3 Class Hours; Prerequisite: ENG 110 College Writing I.

 

LIT 285 3 Credits
Autobiography Return to top

An examination of a variety of autobiographies from various times, cultures, and backgrounds. Emphasis on detailed literary analysis of style, content, and context. Students will be expected to engage in memoir writing and other various personal writing exercises to better appreciate and critique the autobiographical experience.

3 Class Hours: Prerequisite: ENG 110 College Writing I

 

LIT 290 3 Credits
Banned Books Return to top

This course will survey literary works from several genres, including drama, novels, poems, and stories that have been censored or banned at one time and may still be prohibited in some places. The titles will be chosen for their importance to the study and interpretation of literature and to censorship history. Emphasis will be placed on close reading of the texts and on research into the artistic, political, and social reasons for their censorship. Some of the reading material will come from free Internet sources such as The Gutenberg Project and Banned Books Online.

3 Class Hours; Prerequisite: ENG 110 College Writing I.

 

LIT 293W 3 Credits
Special Topics in Literature : The Figure of the Angel Return to top

We'll be talking about angels. They make an appearance in some of the most provocative and beguiling texts of the 20th century: the Duino Elegies, by German poet Rainer Maria Rilke (describing them at on point as "almost deadly birds of the soul"); throughout the poetry of American Wallace Stevens and the Austrian Ingeborg Bachmann; in Harold Brodkey's nearly interminable story "Angle," where the narrator attempts, for the span of fifty pages, to describe the vision he is seeing; or in Carolyn Forché 's The Angel of History, whose version of the angel is a figure incapable of mending the past. We will consider these texts along with several others, including passages from Genesis and other sacred texts that will give us an historical grounding.

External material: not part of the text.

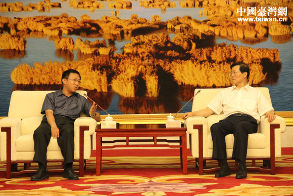 寧夏自治區黨委宣傳部部長蔡國英(右)會見了以國臺辦新聞局局長楊毅為團長的兩岸記者采訪團一行。(中國臺灣網 王文英 攝)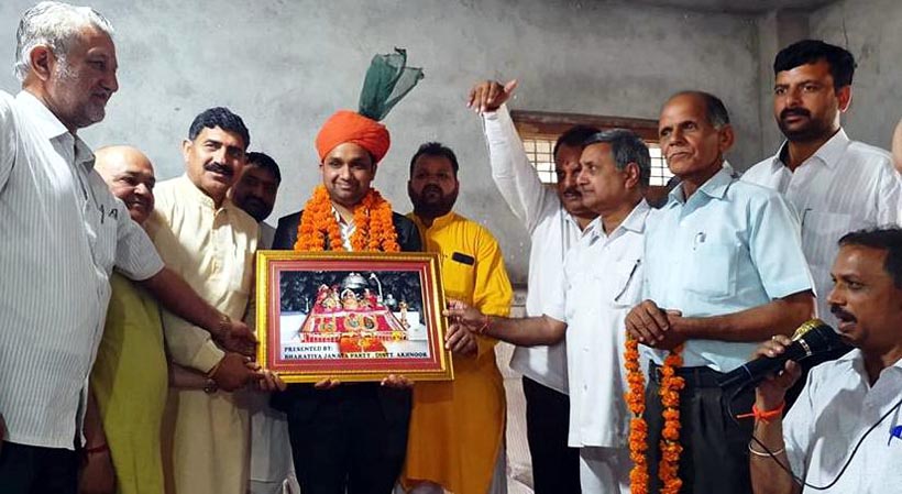 BJP leaders presenting a memento to first IAS officer from Akhnoor, Ankush Bhagat on Thursday.` By Daily Excelsior - April 25, 2019 Share FacebookTwitterWhatsAppPinterestLinkedinCopy URLTelegramEmailTumblrReddItPrintKoo BJP leaders presenting a memento to first IAS officer from Akhnoor, Ankush Bhagat on Thursday. Follow our WhatsApp channel

3 Class Hours; Prerequisite: ENG 110 College Writing I.

 

LIT 294 3 Credits
Envirolit Return to top

Envirolit (Literature of the Environment) is a literary and visual journey into writings and viewpoints about nature, in addition to other explorations that trace the environmental movement. In this Writing Emphasis course, students will respond to essays, short stories, poems, movies, and books as the usual method of learning, but guest speakers, field trips, research, and individual Service learning options will also provide educational opportunities.

3 Class Hours; Prerequisite: ENG 110 College Writing I.

 

LIT 295 3 Credits
Literature and Film Return to top

Introduces students to literary and cultural inquiry through exploration of the compositional and aesthetic relationships between fiction and film. Analysis of various literary texts (predominantly, novels) as well as films based on those texts will lead to significant discoveries concerning fundamental differences between the two genre and - perhaps, most importantly - the transactional dynamics that exist between audience and image, reader and word.

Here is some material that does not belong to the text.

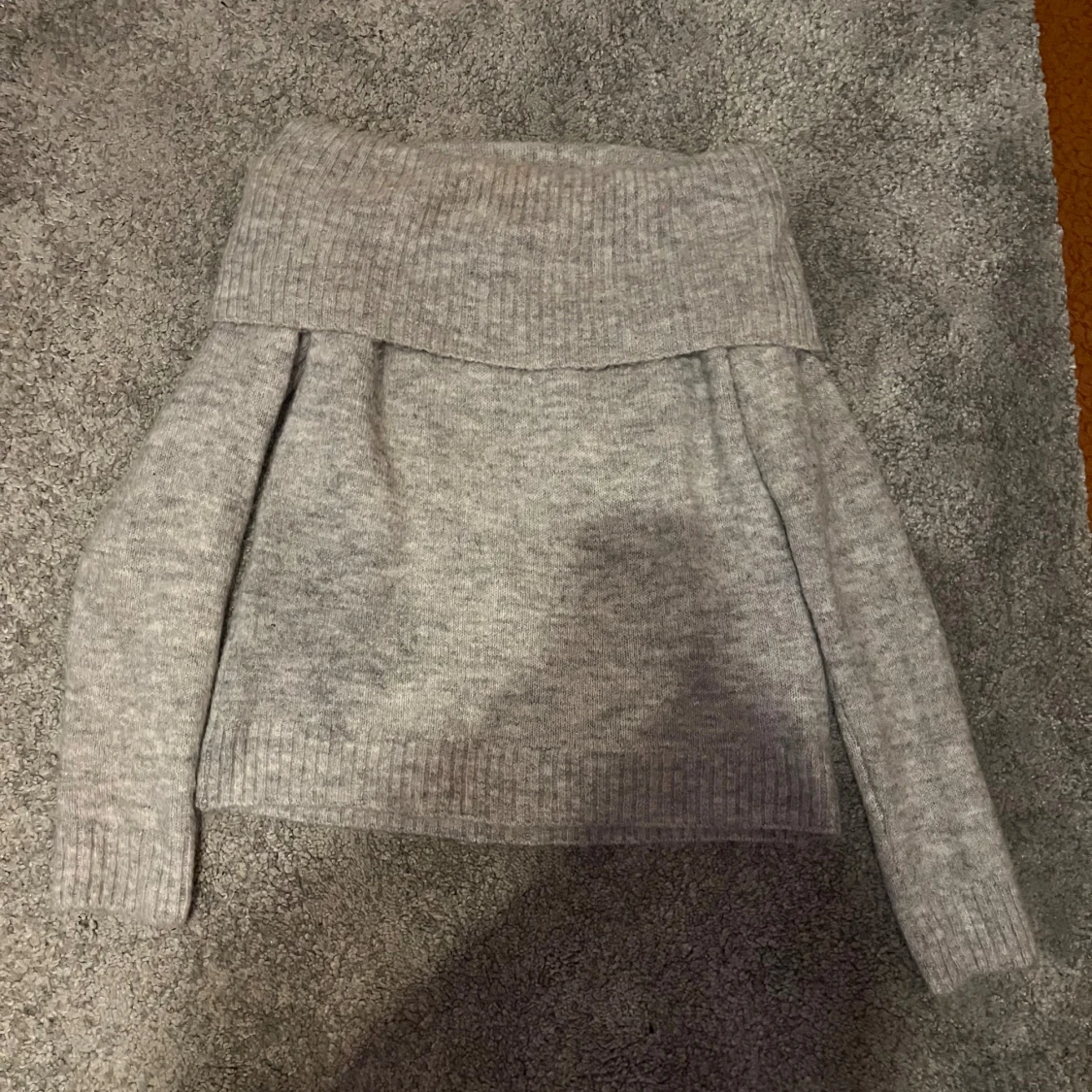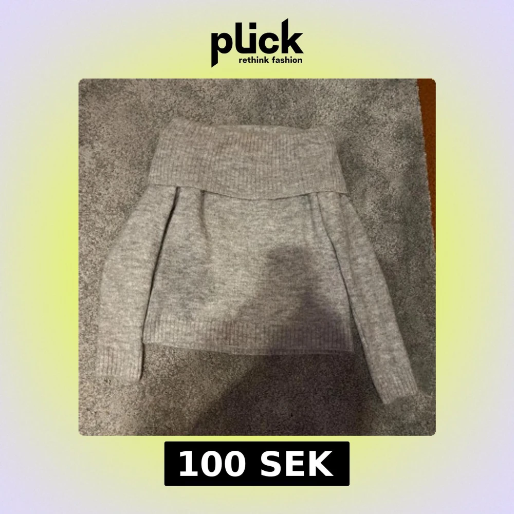 Supermysig grå stickad tröja med bred offshoulder-krage och långa ärmar. Perfekt för kyliga dagar när du vill vara både varm och snygg. Ribbstickade detaljer vid krage, ärmslut och nederkant ger en extra touch.

3 Class Hours; Prerequisite: ENG 110 College Writing I.

 

LIT 297 3 Credits
World Literature I Return to top

A multi-genre course surveying world literature from the invention of writing to the invention of the printing press. Students will read the earliest literatures of several ancient civilizations, classical selections from Greece and Rome, sacred and secular literatures of Europe's Middle Ages and China's Middle Period, and the literature of Japan's Golden Age. The course has a strong humanities component and is designed to engage students in the lives of the people who recited, performed, witnessed, and read these poems, stories, and plays.

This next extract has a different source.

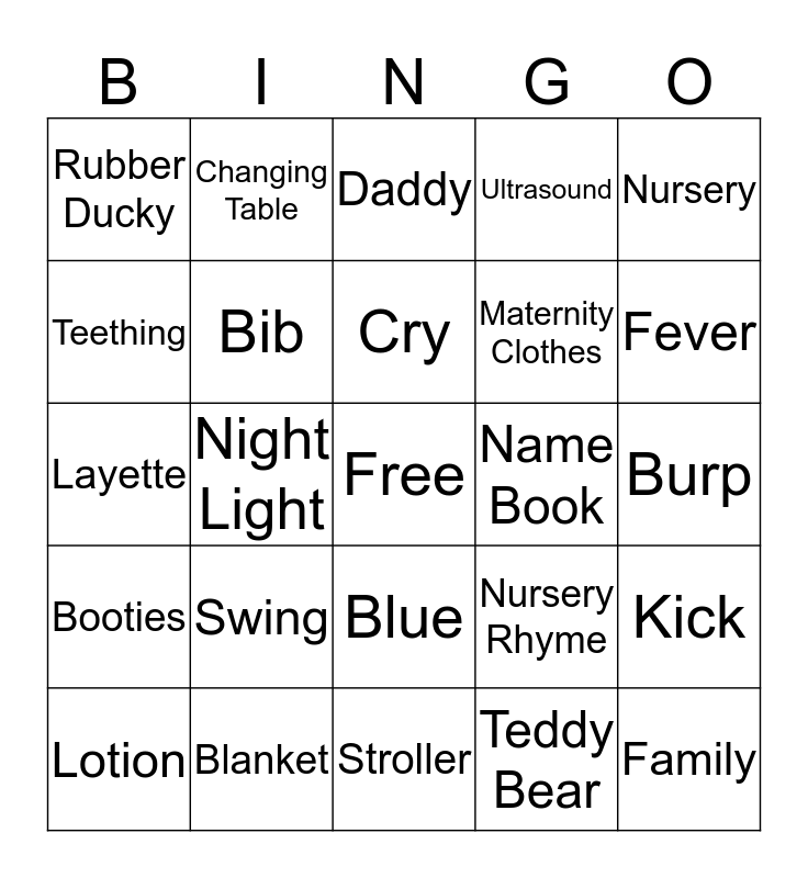 This bingo card has a free space and 24 words: Swing, Blanket, Cry, Lotion, Nursery, Rubber Ducky, Teething, Changing Table, Name Book, Blue, Maternity Clothes, Layette, Nursery Rhyme, Kick, Bib, Teddy Bear, Burp, Daddy, Fever, Night Light, Family, Booties, Ultrasound and Stroller.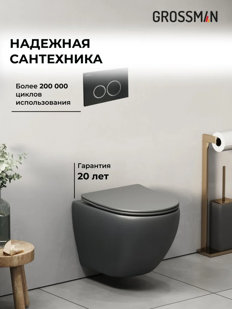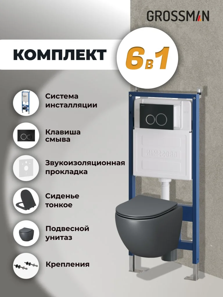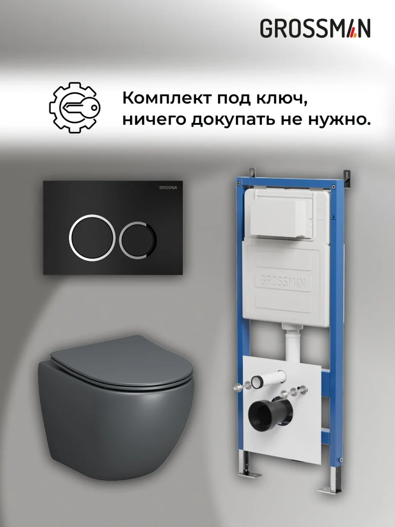 Комплект инсталляции GROSSMAN 900.K31.01.000 с клавишей смыва 700.K31.01.210.210 черный матовый и унитазом GROSSMAN GR-4455GMS арт.97.4455GMS.01.210

3 Class Hours; Prerequisite: ENG 110 College Writing I.

 

LIT 298 3 Credits
World Literature II Return to top

A multi-genre course surveying world literature from approximately 1600 AD into the 20th century. Students will read masterworks from the European Renaissance and Enlightenment, vernacular literature of pre-modern/post-modern literature from four continetns. The course has a strong humanities component and is designed to engage students in the lives and histories of the people and cultures who wrote and read these poems, stories, and plays.